Let \( p \) be the probability of heads. Then:

\[ P(HHHT) = p^3 (1 - p) \]

Define the likelihood function:

\[ L(p) = p^3 (1 - p) \]

To find the MLE of \( p \), solve for \( L'(p) = 0 \):

\[ L'(p) = 3p^2 - 4p^3 = p^2 (3 - 4p) \]

Solutions: \( p = 0 \) or \( p = \frac{3}{4} \). Since \( L(0) = 0 \), the MLE is:

\[ \hat{p}_{\text{MLE}} = \frac{3}{4} \]


MLE for Discrete Distributions

Let \( X_1, ..., X_n \) be i.i.d. samples from a discrete distribution with PMF \( f(x; \theta) \).

The likelihood function is:

\[ L(\theta) = \prod_{i=1}^n f(x_i; \theta) \]

Example: Poisson Distribution

PMF: \( f(x; \lambda) = \frac{\lambda^x e^{-\lambda}}{x!} \)

Observed data: \( x_1 = 3, x_2 = 4, x_3 = 3, x_4 = 7 \)

\[ L(\lambda) = \frac{\lambda^{17} e^{-4\lambda}}{3! \cdot 4! \cdot 3! \cdot 7!} \]

Log-likelihood:

\[ \ln L(\lambda) = 17 \ln \lambda - 4\lambda - \ln(\#) \]

Differentiating and solving:

\[ \frac{17}{\lambda} - 4 = 0 \Rightarrow \hat{\lambda}_{\text{MLE}} = \frac{17}{4} \]


MLE for Continuous Distributions

Let \( X_1, ..., X_n \) be i.i.d. samples from a continuous distribution with PDF \( f(x; \theta) \).

\[ L(\theta) = \prod_{i=1}^n f(x_i; \theta) \]

Example: Exponential Distribution

PDF: \( f(x; \lambda) = \lambda e^{-\lambda x}, \quad x \ge 0 \)

\[ L(\lambda) = \lambda^n e^{-\lambda \sum x_i} \]

Log-likelihood:

\[ \ln L(\lambda) = n \ln \lambda - \lambda \sum x_i \]

Solving:

\[ \frac{n}{\lambda} - \sum x_i = 0 \Rightarrow \hat{\lambda}_{\text{MLE}} = \frac{n}{\sum x_i} = \frac{1}{\bar{x}} \]


MLE for Cauchy Distribution (Numerical Optimization)

Distribution: \( X \sim \text{Cauchy}(\theta) \)

PDF: \( f(x; \theta) = \frac{1}{\pi(1 + (x - \theta)^2)} \)

Data: \( x = [1, 2, 3] \)

Log-likelihood:

\[ \ln L(\theta) = -3 \ln \pi - \sum_{i=1}^3 \ln(1 + (x_i - \theta)^2) \]

Score equation:

\[ \sum_{i=1}^3 \frac{2(x_i - \theta)}{1 + (x_i - \theta)^2} = 0 \]

This is nonlinear in \( \theta \), so solve numerically.

R Code for Optimization:


x <- c(1, 2, 3)
logL <- function(theta) sum(log(dcauchy(x, theta)))
optimize(logL, interval = c(0, 4), maximum = TRUE)
  

Output: maximum = 2, objective = -4.8205


MLE with Two Parameters in Normal Distribution

Distribution: \( X \sim N(\mu, \sigma^2) \)

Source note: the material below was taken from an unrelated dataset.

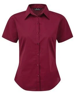 A women's short sleeve blouse with semi-fitted styling, available in 27 colours. The blouse features soft collar styling with bust and back darts and a rounded bottom hem for a really attractive piece of workwear.

PDF: \( f(x; \mu, \sigma) = \frac{1}{\sqrt{2\pi} \sigma} \exp\left( -\frac{(x - \mu)^2}{2\sigma^2} \right) \)

Log-likelihood:

\[ \ln L(\mu, \sigma) = -\frac{n}{2} \ln(2\pi) - n \ln \sigma - \frac{1}{2\sigma^2} \sum_{i=1}^n (x_i - \mu)^2 \]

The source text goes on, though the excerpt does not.